I work with a lot of Japanese developers, and have a year or so of language instruction in the language myself, and from what I've seen, technical words are almost entirely borrowed from English, far beyond the extent that would even be necessary. (I.e., they'll take a term based on a English word rather than use the Japanese equivalent.

So, for instance, "email" is "me-ru" despite Japanese having perfectly serviceable words for "electric" and "mail".

Google translate is absolutely abysmal for Japanese. Some of it is likely just the differences in the languages. All languages have homonyms and when translating words from one European language to another those homonyms are likely to occur in similar places. In Japanese, though, they are apt to be utterly different from English. This makes it far easier for a machine to get an utterly wrong definition.
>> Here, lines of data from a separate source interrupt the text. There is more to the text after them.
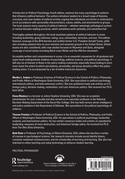 Introduction to Political Psychology explores the many psychological patterns that influence individual political behavior. The authors introduce readers to a broad range of theories, concepts, and case studies of political activity, arguing that individuals are driven or motivated to act in accordance with personality characteristics, values, beliefs, and attachments to groups. The book explains many aspects of political behavior-whether seemingly pathological actions or normal decision-making practices, which sometimes work optimally, and sometimes fail.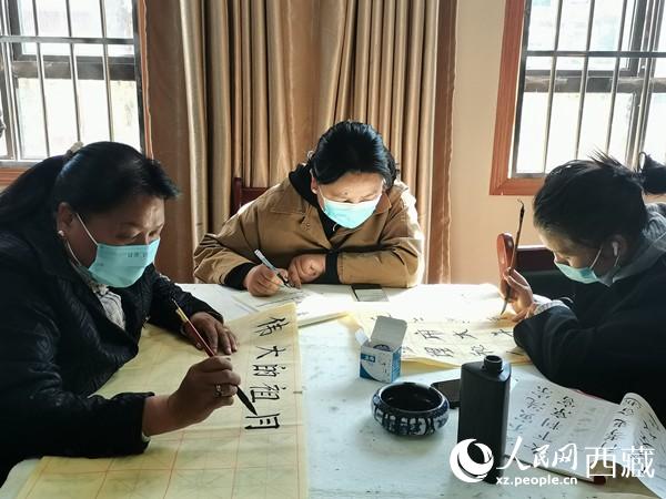 “村里有好多人喜歡書法,恰好城關(guān)區(qū)開展新時代文明實踐站·一村一特色文化品牌村(社區(qū))創(chuàng)建活動,我們就想著往這個方面打造一下。”蔡村第一書記土登洛桑介紹。如今,每逢周六,村里會邀請拉薩市文聯(lián)、拉薩市書法家協(xié)會的書法名家,為熱愛書法的村民們傳授技藝。
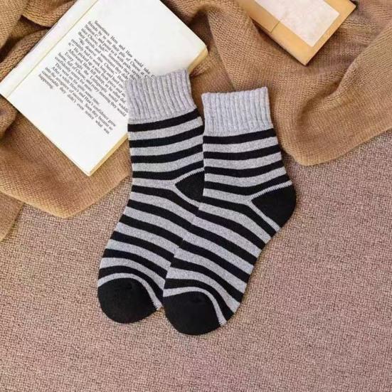 Yousheng Men Striped Crew Socks Thickened Warm Ribbed Terry Socks Winter Thermal Casual Socks for Sports Daily Errands Work Wear

After a year in the language, I am also struck by how the difference in the two languages makes a one-to-one translation of words impossible. If you do a word-for-word translation from Japanese to English you get something that just sounds utterly bizarre to English ears. You really have to understand the original sentence and then build the English sentence up from scratch based on the meaning. Machines can't do that yet.

93:

Re: "pregnant with a baby elephant"...

Huh. I've seen someone claim to have done this as a joke.

He says he's pregnant with a baby elephant -- then turns his pockets inside-out, and unzips his fly.

I pondered the absurdity of the phrase having anything to do with being "extremely impatient" -- I mean, why?

But then it occurred to me, given the jocular equation of the male penis with a baby elephant's trunk in the joke, that "extremely impatient" might be an euphemism for "needs to urinate very badly".

Perhaps Blücher suffered from some sort of urinary tract problem?

94:

To be honest, a Japanese-English translation isn't being quite fair to Google. The two languages are completely alien to each other, and Japanese relies *heavily* on context--for sentence subjects, meanings for words written in kana or using multiple kanji, etc. (Similar problems, I think, exist with English-Arabic.) Still poorly done, yes, but understandably so. Google still works fairly well for languages that are close to each other.

95:

It's a problem for English speakers too of course. Some years ago at a backyard BBQ I was introduced by the hostess to a friend of hers from London. It transpired that he'd in fact landed in Sydney only a few hours earlier and had barely had time to shower and shave before being expected to drink copious quantities of cold beer and devour various grilled meats.

Wanting to express my sincere and heartfelt sympathy for the man I said "You poor bastard, you must be absolutely buggered."

The gentleman looked at me a little oddly and replied that I was not the first Australian he'd met so far that seemed under a severe misapprehension about the activities permitted on British Airways flights. And as for my assumption about his parent's marital status…

96:

Let's not forget the fun of language changing over time.

Another of my favorites comes from Grove and Rackham's Nature of Mediterranean Europe. It's a book about the historical ecology of Mediterranean Europe. In the first chapter, the authors explain why they did most of their translations of primary sources themselves, rather than trusting others' work.

They had a lot of fun with the way words change over time, and one of their favorite examples was the word "desert."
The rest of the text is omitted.